Les grilles d'analyse des DVP, qui considèrent la production d'exemples comme une catégorie unique, relevant d'un niveau préphilosophique, ou même carrément non philosophique, manquent donc quelque chose d'essentiel. Certes, tous les exemples produits par des enfants au cours d'une discussion n'ont pas ce double statut que nous venons de distinguer. Mais on ne saurait saisir la portée profonde d'un exemple dans une discussion sans examiner s'il a ou non cette double signification. Les paradigmes qui en restent au modèle argumentatif ne peuvent qu'ignorer cette problématique ; et par suite ils manquent l'essentiel de ce qui constitue une discussion philosophique.

Toute la question est donc en fin de compte de savoir si la philosophie pour enfants peut utiliser comme paradigme du philosopher une conception de la philosophie qui est dépassée depuis deux siècles. S'en contenter, c'est un peu comme si l'on prétendait aujourd'hui analyser les phénomènes naturels en se référant au modèle de la physique aristotélicienne, en ignorant les acquis de la physique newtonienne et einsteinienne. Que la philosophie comporte un aspect argumentatif, axé sur la conceptualisation (production de définitions), la problématisation (production de questions) et l'affirmation (production de thèses ou de jugements), c'est incontestable. Mais la ramener à ce seul aspect, c'est ignorer les acquis des deux derniers siècles de l'histoire philosophique. C'est du même coup manquer tout un aspect important des discussions entre enfants ou adultes. C'est aussi réduire le philosopher en classe à une forme quasi canonique - la DVP, que certains érigent même en " genre scolaire " - alors qu'il peut et doit donner lieu à une diversité d'activités variées qui échappent aux finalités et aux critères du modèle délibératif : travail à partir et autour d'images (photolangage), textes libres philosophiques, scénarisation de concepts, " squiggle " philosophique, élaboration de cartes mentales, etc.
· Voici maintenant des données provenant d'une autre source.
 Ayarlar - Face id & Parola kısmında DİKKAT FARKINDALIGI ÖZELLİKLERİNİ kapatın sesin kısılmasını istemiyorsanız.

La philosophie, ainsi que l'atteste son évolution depuis Kant, n'est pas seulement une réflexion sur les idées. Elle est aussi une réflexion sur la normativité constitutive de l'existence, normativité qui concerne les convictions abstraites, mais aussi les expériences affectives, les manières d'appréhender et de sentir. Lorsque Heidegger parle de l'angoisse, il ne définit pas un " concept ", il n'argumente pas pour démontrer la véracité d'une thèse. Il décrit une expérience et la propose au lecteur pour qu'il juge, en la confrontant à la sienne propre, si elle a une portée universelle. De même pour Sartre écrivant sur la honte, ou Levinas sur la caresse. Ceux qui ont orienté la pratique de la philosophie à l'école en ce sens peuvent témoigner de ce que cette dimension du philosopher intéresse les enfants, souvent bien plus que les débats de type argumentatif.

Le paradigme herméneutique que nous défendons ne s'oppose pas au paradigme argumentatif. Il constitue seulement une dimension qu'il faut nécessairement prendre en compte si l'on veut s'ouvrir à toute la richesse de la philosophie pour (et par) les enfants.
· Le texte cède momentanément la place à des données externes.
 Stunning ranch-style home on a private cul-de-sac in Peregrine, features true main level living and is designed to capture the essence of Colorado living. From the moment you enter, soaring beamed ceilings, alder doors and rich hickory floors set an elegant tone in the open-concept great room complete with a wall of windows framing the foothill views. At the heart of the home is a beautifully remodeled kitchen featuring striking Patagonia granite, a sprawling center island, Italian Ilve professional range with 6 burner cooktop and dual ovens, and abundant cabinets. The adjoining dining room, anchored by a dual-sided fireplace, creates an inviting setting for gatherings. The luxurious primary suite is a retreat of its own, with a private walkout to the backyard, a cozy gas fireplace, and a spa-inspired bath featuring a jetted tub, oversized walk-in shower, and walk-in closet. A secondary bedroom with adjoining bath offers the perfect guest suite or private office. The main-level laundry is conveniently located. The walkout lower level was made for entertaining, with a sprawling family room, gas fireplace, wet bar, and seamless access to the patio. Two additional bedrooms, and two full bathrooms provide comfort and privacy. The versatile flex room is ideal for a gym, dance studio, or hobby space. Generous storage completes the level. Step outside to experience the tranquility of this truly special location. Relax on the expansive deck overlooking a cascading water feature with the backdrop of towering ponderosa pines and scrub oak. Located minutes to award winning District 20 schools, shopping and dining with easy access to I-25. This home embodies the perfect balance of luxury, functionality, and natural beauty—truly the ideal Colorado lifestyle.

(N) Cf François Galichet, " Les lieux communs de la philosophie scolaire ", Cahiers Philosophiques de Strasbourg n° 6 , Université des Sciences humaines de Strasbourg.

(N2) 2 Husserl, La philosophie comme science rigoureuse, PUF, 1954, p. 68.

(N3) 3 Oscar Brenifier, Philosopher à travers les antinomies, Diotime n° 18, juin 2003, p. 8.

(N4) 4 Ibid., p. 9.

(N5) 5 Oscar Brenifier, Dialectique, Diotime n° 15, sept. 2002, p. 11.

(N6) 6 Script du débat in Corpus de la thèse de Gérard Auguet, La DVP, Un genre scolaire nouveau en voie d'institution ? , Montpellier 2003, p. 218.